On the opposite end of the rendering technology spectrum, William Kentridge’s hand-drawn and hand-erased History of the Main Complaint (1996) presents a brief yet claustrophobic narrative of South Africa’s complex Apartheid system, wrought with humanity almost too heavy to bear. Additional works use figurative reenactments and images to tackle personal histories and cultural memories with courageous self-awareness. Brent Green’s Paulina Hollers (2006), Rob Pruitt’s Black Stuntman (Volumes I and 2) (2004), Kara Walker’s National Archives Microfilm Publications M999 Roll 34: Bureau of Refugees, Freedmen and Abandoned Lands: 1) Six Miles from Springfield on the Franklin Road (2009) and 2) Lucy of Pulaski (2009) and Mary Reid Kelley’s You Make Me Iliad (2010) are each exemplary in this regard.

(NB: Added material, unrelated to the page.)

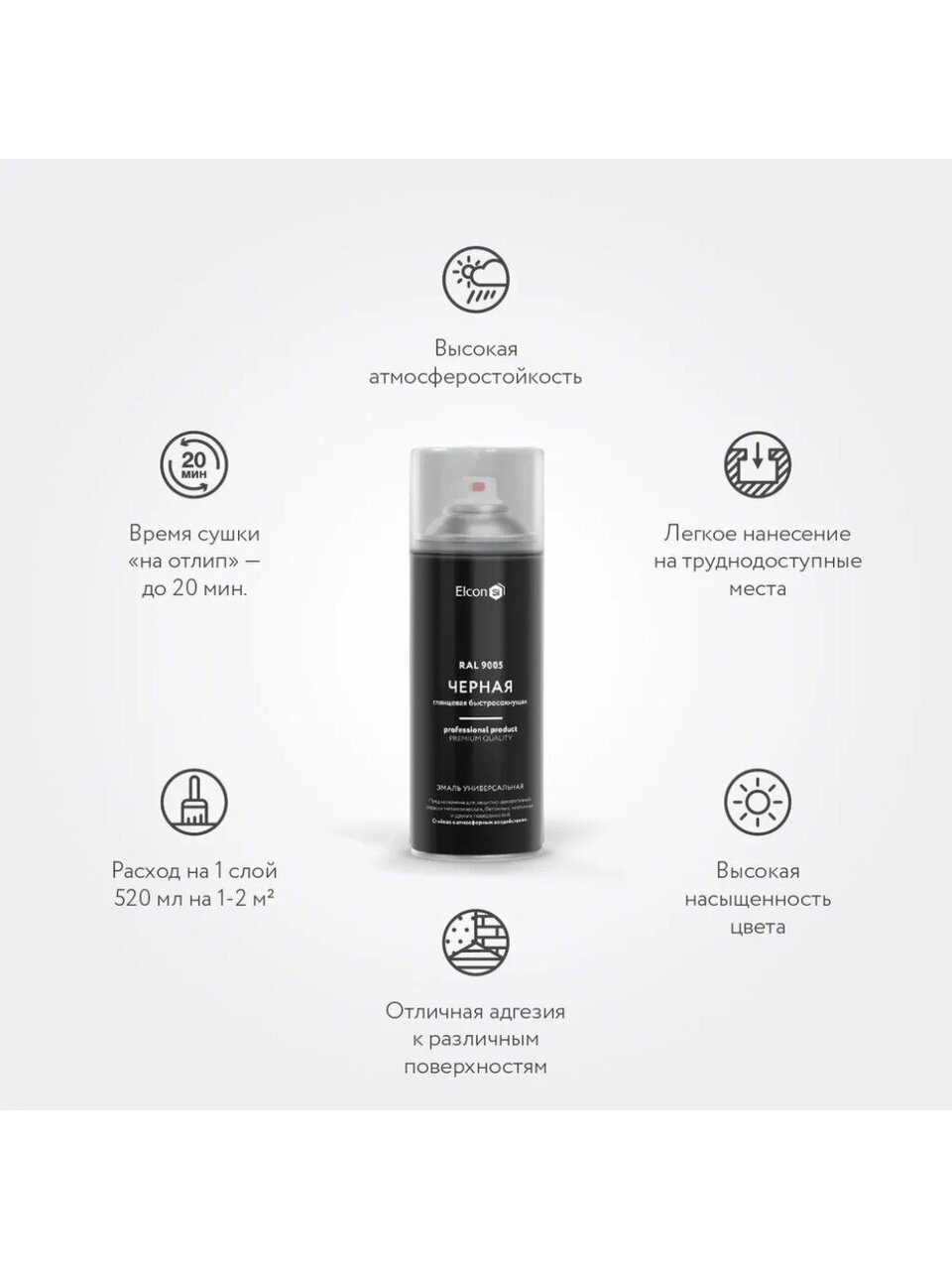 Вы можете приобрести «Эмаль аэрозольная, Elcon, универсальная, быстросохнущая, акриловая, глянцевая, черная, RAL 9005, 520 мл» и другие товары в нашем интернет-магазине в Ярославле по низким ценам и с бесплатным самовывозом.

Seemingly, the “urge to animate”—the desire for a truly dynamic image rather than a technical understanding of animation as the rapid display of a sequence of 2-D images or 3-D positions to create the illusion of movement—connects the artists and artworks of The Dissolve. Even with this in mind, the biennial feels deficient as it often incorrectly employs the technical language of film, video and animation, and generally fails to acknowledge the vital roles of sound and camera. The exhibition presents a palpable ambivalence toward time-based image-making, resulting in an experiential viscosity for both artist and viewer. Throughout, one feels a slight resistance to fluid transition from static representation to liberated animation. It’s the stopping and starting of suspended disbelief and illusion. This stuttering is seen quite literally with stop-motion and Flash-animated collage, and more figuratively in performance through intentionally awkward, hesitant and forced character adaptations; it is made audible through narration, voiceovers and soundtracks.
However, a notably effective aspect of the exhibition is that many of the works are on view at http://thedissolve.net. The online exhibition format offers an engaging example of a culturally relevant relationship between technology and art, and certainly puts The Dissolve into contemporary hands.
Nancy Zastudil is an itinerant curator and freelance writer who focuses on collective art practices that operate in the service of revolution and social progress.
This exhibition will be on view through January 2, 2011.